Под Адрианополем франки встретились с болгарским царем Калоянном, прибывшим с целью заключить дружественное соглашение. Петр Брасье с тремя рыцарями явился в стан Калоянна; царь его угощал, дивился коням и доспехам франков и осведомился, зачем они завоевали Константинополь. Барон Брасье ему объяснил, что франки ведут происхождение из славного древнего города Трои и пришли отобрать свое наследство у греков. Франки отнеслись к предложению Калоянна с надменностью и дали понять, что он может быть лишь вассалом их императора. // Генрих Фландрский оставил в Адрианополе гарнизон и, покоряя по пути фракийские города, двинулся к Мосинополю. Сюда прибыл и император Балдуин.//
Между тем успехи императорских войск и движение их по направлению к Салоникам возбудили в Бонифации подозрения. Он поспешил со своими рыцарями вслед за Балдуином, и под Мосинополем у них произошло бурное объяснение. Бонифаций требовал, чтобы император шел не на Салоники, но против болгар. Это же вовсе не входило в расчеты Балдуина, надеявшегося на дружбу болгарского царя. Не ему, но Бонифацию было выгодно помочь венгерскому королю, находившемуся в войне с болгарами. Отказ Балдуина был объяснен Бонифацием как нарушение договора относительно Салоник. Он пришел в крайнее раздражение, осыпал Балдуина горькими упреками: он вероломнее греков и непостояннее, нежели игральная кость (1). Бонифаций ушел вместе с итальянскими и немецкими рыцарями и захватил город Дидимотих, собирая подати и сзывая греков, он клялся и божился, что он отрекся от франков и перешел на сторону греков; он тщетно пытался овладеть Адрианополем, показывая осажденным своего греческого царевича: ему не поверили.
Балдуин продолжал свой путь на Салоники, огибая с юга предгорья Родоп. Под Ксанти греки местного дината Сеннакерима «напали на него храбро, а отступили трусливо». Заняв Серес и перейдя Стримон, Балдуин подошел к Салоникам и вступил в переговоры, чтобы овладеть укрепленным городом. Он обязался не вводить войска в город, а население в его лагерь доставило продовольствие и пустило в свой город начальника, назначенного Балдуином. Последний выдал горожанам грамоту за царской красной подписью, в которой подтверждал все обычаи, т.е. вольности Салоник, и выступил обратно в Константинополь.

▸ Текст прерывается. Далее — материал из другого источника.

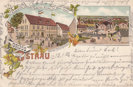 Ostrau in Sachsen Bundeshotel Deutscher Radfahrer Bund Litho Ansichtskarte 1902
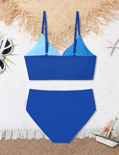 • 👙[Special Design]: Our girls swimsuit has design the Adjustable Double Shoulder Straps and the Chest pads.Its top is azure blue + navy blue and its Bottoms is deep blue.This girls bathing suit is sure to turn heads at the pool or beach.
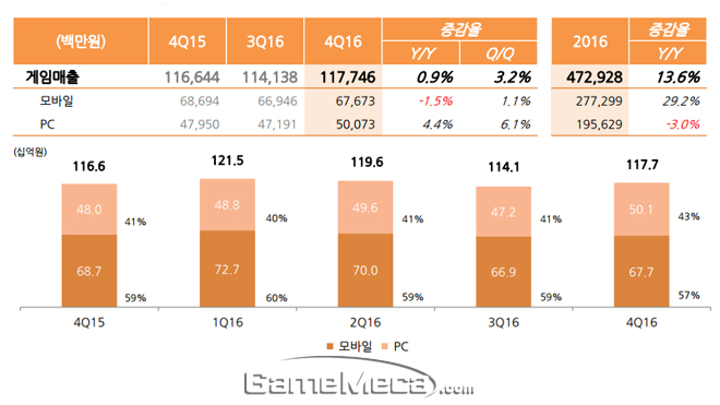▲ NHN엔터테인먼트 2016년 플랫폼별 게임 매출 추이 (자료제공: NHN엔터테인먼트)
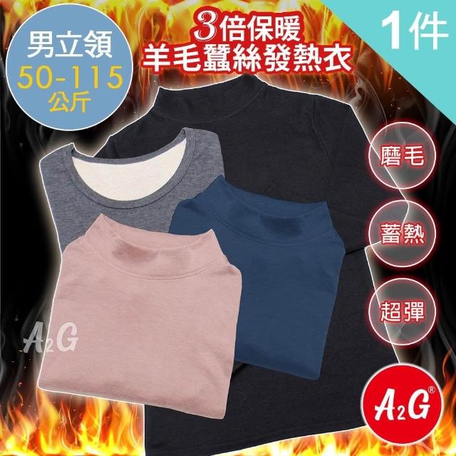 A2G男半立領 挺版羊毛蠶絲 磨毛蓄熱保暖發熱衣 紮實可單穿&內搭 親膚柔軟透氣 彈力不鬆垮 589 台灣現貨
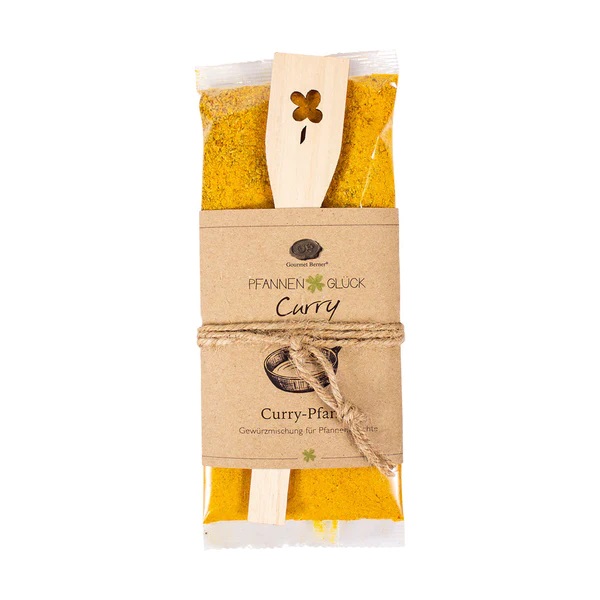 Curry-Pfanne Gewürzmischung für Pfannengerichte Inhalt: 85g Beutel, mit Kleeblatt Pfannenwender. Zutaten Koriander, Kurkuma, Bockshornklee, Meersalz, Fenchel, Kreuzkümmel, Pfeffer, Chili, Gewürznelken, Knoblauch. Zubereitung siehe Rückseite der Verpackung.
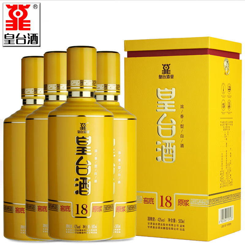 皇台窖底原浆18 52度 浓香型白酒 聚会自饮口粮酒 500ml*4瓶 整箱
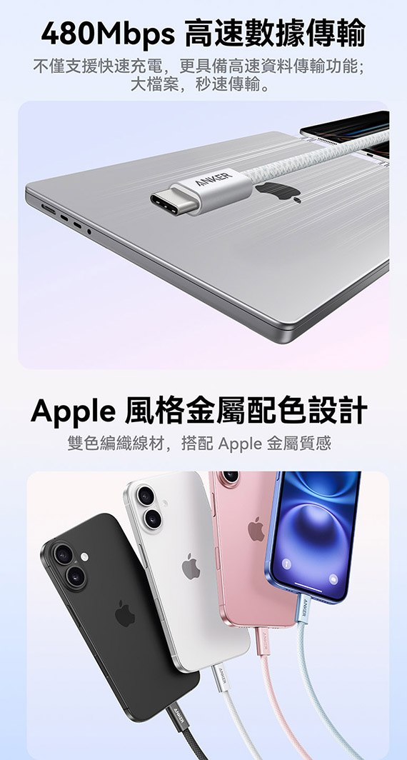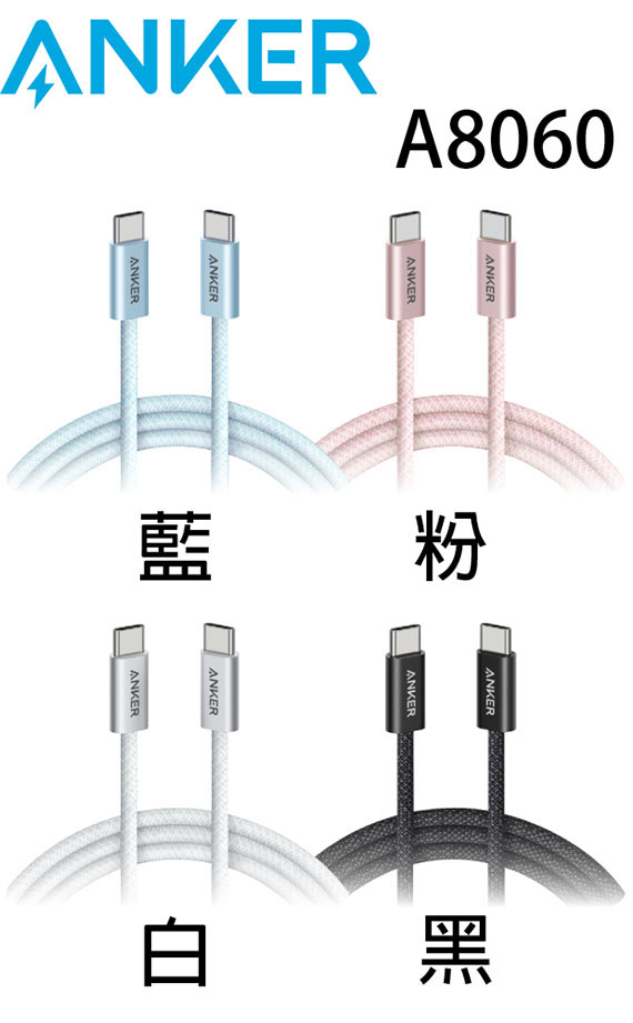 ANKER A8060 粉色 240W 編織 Type-C USB傳輸線 C公-C公 1M

Не замедлило сказаться, что этот его поход был необдуманным шагом. Не мог он не понимать, что разделение крестоносцев на два лагеря, почти равные по силам, давало венецианцам решающий голос, а те вели реальную политику. Известия о разрыве Бонифация с Балдуином достигли Константинополя и вызвали смятение среди вождей франков, особенно тех, кто был дальновиднее и не терял из вида общих интересов. Но они не решились беззаветно поддержать императора, пошли на уступки Бонифацию и, ратуя за общее примирение, невольно сыграли на руку таким беззастенчивым и трезвым политикам, как Бонифаций и дож Дандоло. Главою средней партии примирения был, по-видимому, маршал Вилльгардуэн — судя главным образом по его истории похода.

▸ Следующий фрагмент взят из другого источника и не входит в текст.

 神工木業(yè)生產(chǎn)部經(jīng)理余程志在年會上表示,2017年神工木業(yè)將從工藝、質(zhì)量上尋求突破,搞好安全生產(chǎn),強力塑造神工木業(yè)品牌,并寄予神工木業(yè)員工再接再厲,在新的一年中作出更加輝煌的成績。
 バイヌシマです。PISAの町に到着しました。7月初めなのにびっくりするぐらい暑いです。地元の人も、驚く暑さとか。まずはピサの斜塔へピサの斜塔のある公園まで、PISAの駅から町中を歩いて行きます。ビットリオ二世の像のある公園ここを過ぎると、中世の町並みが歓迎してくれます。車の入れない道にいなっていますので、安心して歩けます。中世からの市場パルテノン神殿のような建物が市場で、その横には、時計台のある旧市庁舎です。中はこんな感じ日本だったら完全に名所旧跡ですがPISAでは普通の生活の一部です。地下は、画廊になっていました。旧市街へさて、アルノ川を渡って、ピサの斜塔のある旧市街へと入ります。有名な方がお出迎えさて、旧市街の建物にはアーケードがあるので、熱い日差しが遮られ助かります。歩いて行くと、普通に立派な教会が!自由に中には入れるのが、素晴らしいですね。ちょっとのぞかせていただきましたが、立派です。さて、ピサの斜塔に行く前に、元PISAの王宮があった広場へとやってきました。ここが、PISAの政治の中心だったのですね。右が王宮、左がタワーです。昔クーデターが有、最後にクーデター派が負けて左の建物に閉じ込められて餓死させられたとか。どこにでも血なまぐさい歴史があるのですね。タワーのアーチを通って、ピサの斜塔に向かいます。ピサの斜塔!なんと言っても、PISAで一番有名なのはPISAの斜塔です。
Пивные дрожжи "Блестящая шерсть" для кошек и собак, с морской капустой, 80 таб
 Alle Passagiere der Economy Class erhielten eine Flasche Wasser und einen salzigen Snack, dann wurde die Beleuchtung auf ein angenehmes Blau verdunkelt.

Немедленно вожди похода собрались на совещание во Влахернском дворце, и Дандоло предложил послать Вилльгардуэна к Бонифацию улаживать дело. Вместе с ним отправились два венецианца, Марк Санудо и Раван из Вероны, которым Дандоло, понимая положение и не теряя момента, дал секретное поручение войти с Бонифацием в соглашение за спиною Балдуина и его прямодушных рыцарей. //Итальянцы, имевшие реальные, давнишние интересы на Востоке, устроились помимо французов.//
Пока Вилльгардуэн и сопровождавшие Бонифация французские рыцари, Шамплитт, Колиньи и другие, держали гневные речи, Бонифаций, упрекая императора в вероломстве, подписал 12 августа 1204 г. договор с венецианцами, по которому он получал безвозбранно Салоники, а венецианцы — Крит.

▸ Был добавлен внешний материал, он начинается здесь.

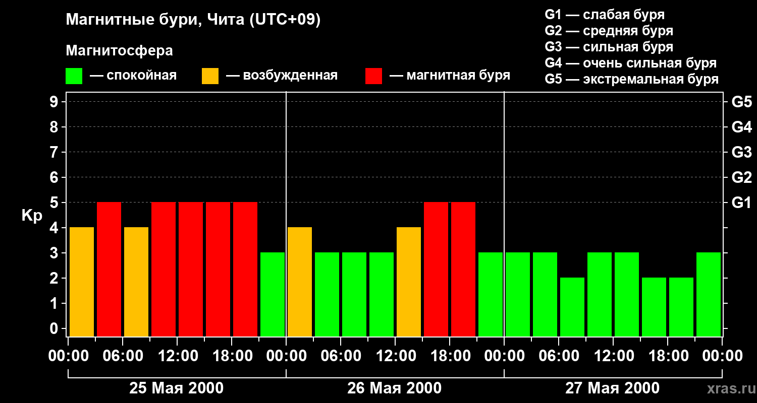 Изменения геомагнитного индекса Kp с 25 по 27 мая 2000 года для средних широт

Впрочем, договорившиеся стороны составили акт настолько дипломатично, чтобы он явно не нарушал прав империи, которая еще могла бы получить поддержку на Западе. Даже вставлена фраза: «не нарушая прав и службы императору и империи». Бонифаций отрекается от всех прав на Крит, обещанный ему Алексеем Ангелом, равно каки на субсидию (которую не с кого было получать) и на всякое вассальное владение, пожалованное его отцу (или брату) царем Мануилом Комнином[2]; далее он отказался от всяких претензий на земли в Фессалии и в константинопольской империи как на Востоке, так и на Западе // (последнее фактически не совместно со второй статьею договора).// Взамен уступок того, что не было в руках Бонифация, но было нужно для Венеции, он получал весьма реальное: 1000 марок серебра и из рук дожа с преемниками // — не на основании какого-либо устарелого права, но нового соглашения реальных политических сил // — столько земель на Западе империи, // которая, однако, не названа,// чтобы иметь 10 тыс. иперпиров годового дохода. Этими землями Бонифаций должен владеть на праве полной собственности с передачей по мужской и женской линии. Далее Бонифаций обязался защищать все владения Венеции на Леванте; о получении им земель и единовременной субсидии, согласно настоящему договору, будет составлен публичный акт (засвидетельствованный нотариусами республики), возобновляемый преемниками Бонифация. С одной стороны, этим договором было политически оформлено давнишнее преобладание Венеции на Крите, ее важнейшие торговые связи с богатым островом, положено начало главной и наиболее прочной колонии венецианцев на Востоке. В счеты Венеции с империей по дележу земель Бонифаций обязался не вступать. С этой стороны все было ясно. Выгоды Бонифация были не менее существенны, но язык договора в этом отношении умышленно не называет вещей своими именами. О Салониках мы ничего не читаем, но какое другое владение «на Западе» могло доставить столько дохода? Не сказано, у кого возьмут, зато выговорено точно, кто даст и знает, что в состоянии это сделать (2).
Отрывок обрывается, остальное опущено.